Sometimes, I marvel at how lucky I am. Today was one of those days.
I woke up to every teenage girls dream; sunlight shining through the curtains, birds singing, big muscly arms around me, to be followed by unlimited cups of coffee and breakfast in bed. Empty house, hot shower, more coffee, and then back into bed with Mr Megan to hide under the covers for a while. I then went home to my family; my sister has just learnt to swim underwater, my dad has just been invited to a second interview for his new job. Then I made pancakes and watched the rugby. Little things like these make me happy.
Not just cliche moments like this morning, just the fact that my family is all happy and healthy, even if they're not quite right in the head, sometimes irritatingly Tory, and embarrassingly racist. My friends might not be flawlessly supportive, or without their own annoying quirks, but I love them to pieces and I think (and hope!) that they care about me too. I have a house to live in and financially, we might not be cracking but at least we're fairly solid now.
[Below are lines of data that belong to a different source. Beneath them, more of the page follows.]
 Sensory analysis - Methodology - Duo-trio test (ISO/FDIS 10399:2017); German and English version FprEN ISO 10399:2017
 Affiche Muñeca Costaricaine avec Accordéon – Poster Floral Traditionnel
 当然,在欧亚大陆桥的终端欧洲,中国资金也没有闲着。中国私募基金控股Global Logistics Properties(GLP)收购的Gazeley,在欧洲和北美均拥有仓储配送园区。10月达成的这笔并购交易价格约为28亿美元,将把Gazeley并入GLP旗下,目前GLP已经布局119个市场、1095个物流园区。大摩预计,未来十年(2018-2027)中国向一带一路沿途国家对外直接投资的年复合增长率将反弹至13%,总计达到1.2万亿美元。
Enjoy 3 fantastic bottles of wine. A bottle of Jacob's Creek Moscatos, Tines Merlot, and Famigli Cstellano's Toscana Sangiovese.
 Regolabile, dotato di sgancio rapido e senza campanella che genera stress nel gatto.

It's times like these, when we feel as though we should be truly thankful, that our minds automatically drift to the best times we can remember. It might seem strange, but is it not so? When we go to a good party, do you not compare it to the best one you can remember (or the better ones you can't?) When we're on a first date, do we not compare the poor fella to that One That Got Away?
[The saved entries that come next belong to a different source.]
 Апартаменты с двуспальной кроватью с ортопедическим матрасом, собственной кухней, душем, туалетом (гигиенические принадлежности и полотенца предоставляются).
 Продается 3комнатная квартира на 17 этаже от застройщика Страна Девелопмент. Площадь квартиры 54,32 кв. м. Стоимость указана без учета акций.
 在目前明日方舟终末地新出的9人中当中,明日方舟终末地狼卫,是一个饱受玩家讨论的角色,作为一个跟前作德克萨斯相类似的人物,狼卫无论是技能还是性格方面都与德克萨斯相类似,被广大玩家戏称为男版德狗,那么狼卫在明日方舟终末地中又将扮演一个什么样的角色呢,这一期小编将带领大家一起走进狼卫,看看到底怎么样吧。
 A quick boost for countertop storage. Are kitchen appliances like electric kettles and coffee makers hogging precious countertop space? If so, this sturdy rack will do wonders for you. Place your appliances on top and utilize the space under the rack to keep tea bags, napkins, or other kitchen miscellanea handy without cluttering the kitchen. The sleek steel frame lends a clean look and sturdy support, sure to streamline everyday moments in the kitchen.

I know I always think back to a time when life seemed (GAYYYCRINGECLICHE) a bit magical, when I first realised that I was lucky and had pretty much the whole world open to me, when I first tested the waters of what was to come. I think of the crazy times, the times I can hardly remember, and the moments I will remember forever, because they seemed to stretch out seconds into little pockets of nostalgia.
This is a seemingly unrelated introduction to my main point; that the loved ones that we lose can seem all the more lovable for what more they could have shared. You'll always remember the one you couldn't have for the love you'll never know - for the depths you never knew it could reach, and the things you never knew they could teach you. The truth is, the people we lose in life teach us the more about ourselves than anyone else, and yet this is the love that is the most pure and unselfish. The moments we share with them become the most treasured, and the ones that you replay over and over again in your mind, fighting with your memory to recall the smallest details, and keep them tattooed in your mind forever. They are the conversations that you will kick yourself for having, or worse, for not having. They are the goodbyes that will seem the most callous and unfeeling on your part, and the remarks the most flippant and stupid. Stupid.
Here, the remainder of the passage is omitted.